Further research showed that it was, in fact, a great-great-grandson who may or may not have been extremely wonderful.
In another comma-vs.-hyphen incident, I changed a headline from Controversial Ad Links MLK-GOP to Controversial Ad Links MLK, GOP, only to see something about an MLK, GOP Link in the Web hed on the same story. There's where the hyphen belonged.
To review, a comma can stand for "and" in a headline. The hyphen (or en dash, for publications that use the en dash) is the convention for a "between" link in an adjectival construction.
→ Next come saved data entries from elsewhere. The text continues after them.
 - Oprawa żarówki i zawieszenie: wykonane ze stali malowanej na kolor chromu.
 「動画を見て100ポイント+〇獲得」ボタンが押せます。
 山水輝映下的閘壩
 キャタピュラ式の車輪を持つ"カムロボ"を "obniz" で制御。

Ali, Frazier Fight? They did indeed if you mean "fight" as a verb, but that fight (n.) was the Ali-Frazier Fight. (And so were the other two, though I suppose the first one was more properly the Frazier-Ali fight.)
4 comments:
I think the third fight was called the "Thrilla in Manila." Would you refer to the first fight as "Ali-Frazier I"?
Right, once you have a series you'd stick with an order -- Ali-Frazier I, II, III. The first of many Fights of the Century, then the rematch notable mainly for that great "Wide World of Sports" intro sequence, and then the pre-christened Thrilla that managed to live up to its name. (I still think the first fight was the most thrilling.)
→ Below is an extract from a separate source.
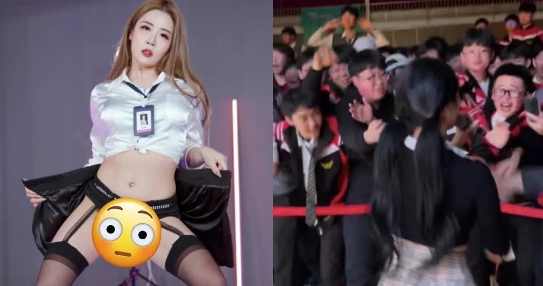乐队离开舞台向观众致意,其中许多人看起来很年轻,穿着制服。 其中一名成员甚至在一名学生面前摆出性感的姿势。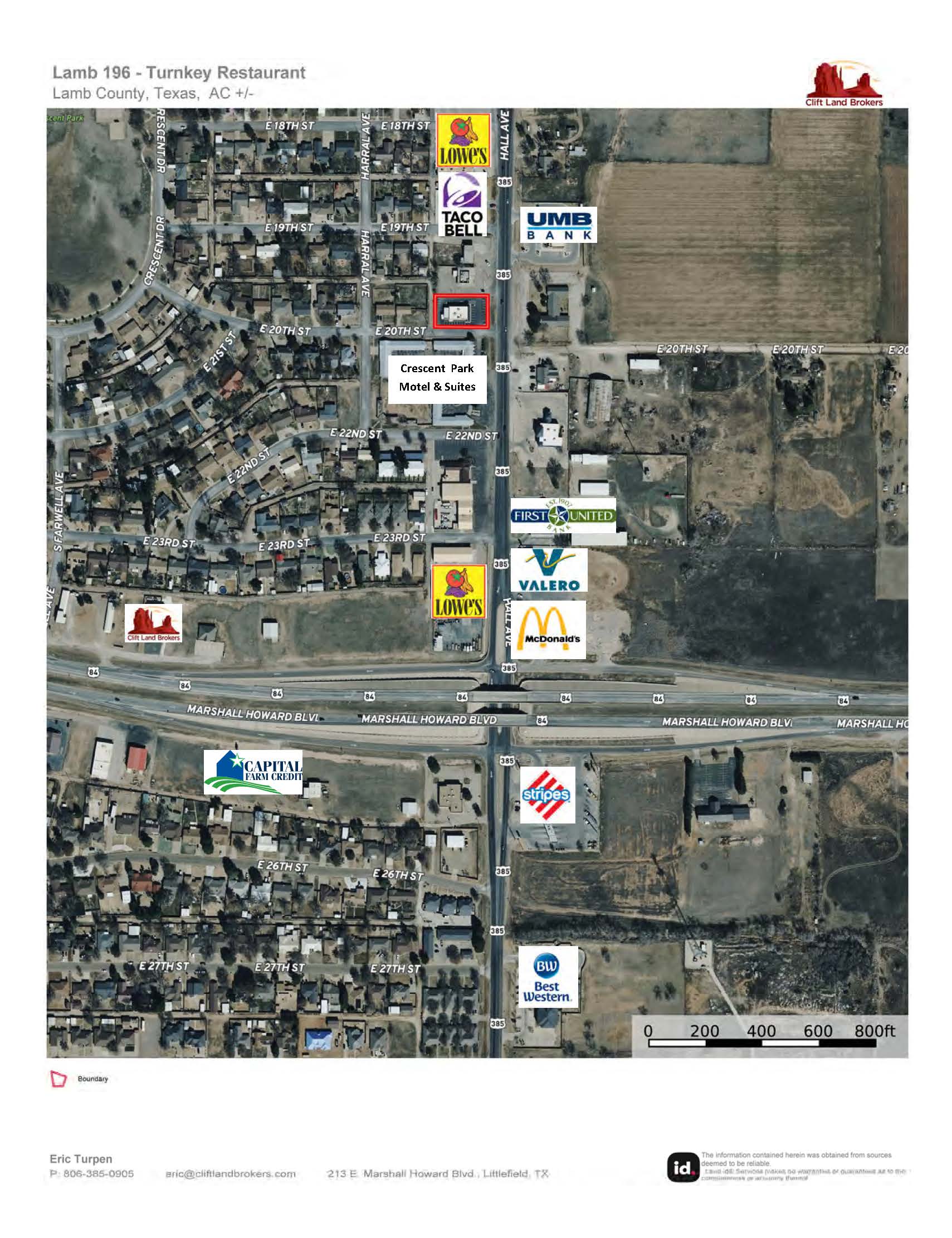 This is a rare opportunity to acquire what is widely considered the nicest restaurant space in Littlefield, ideally positioned on the main retail corridor along U.S. Highway 385 (Hall Avenue) at the corner of E. 20th Street, just minutes from U.S. Highway 84. The property offers outstanding visibility, easy access, and strong regional traffic flow along a major north/south and east/west corridors.

Don't shoot me, but in Frasier–Ali, you actually need an en-dash. The hyphen only is used for words like en-dash, and with "pain-in-the-ass comments on your blog." In OSX, for those who don't know, press and hold your option key while punching the hyphen key, and you get the en-dash. In Windows, it's somewhere in that character set thingy. Sorry. Out.
Doh! Blogger didn't recognize the en-dash HTML tag. Well, you get what I mean.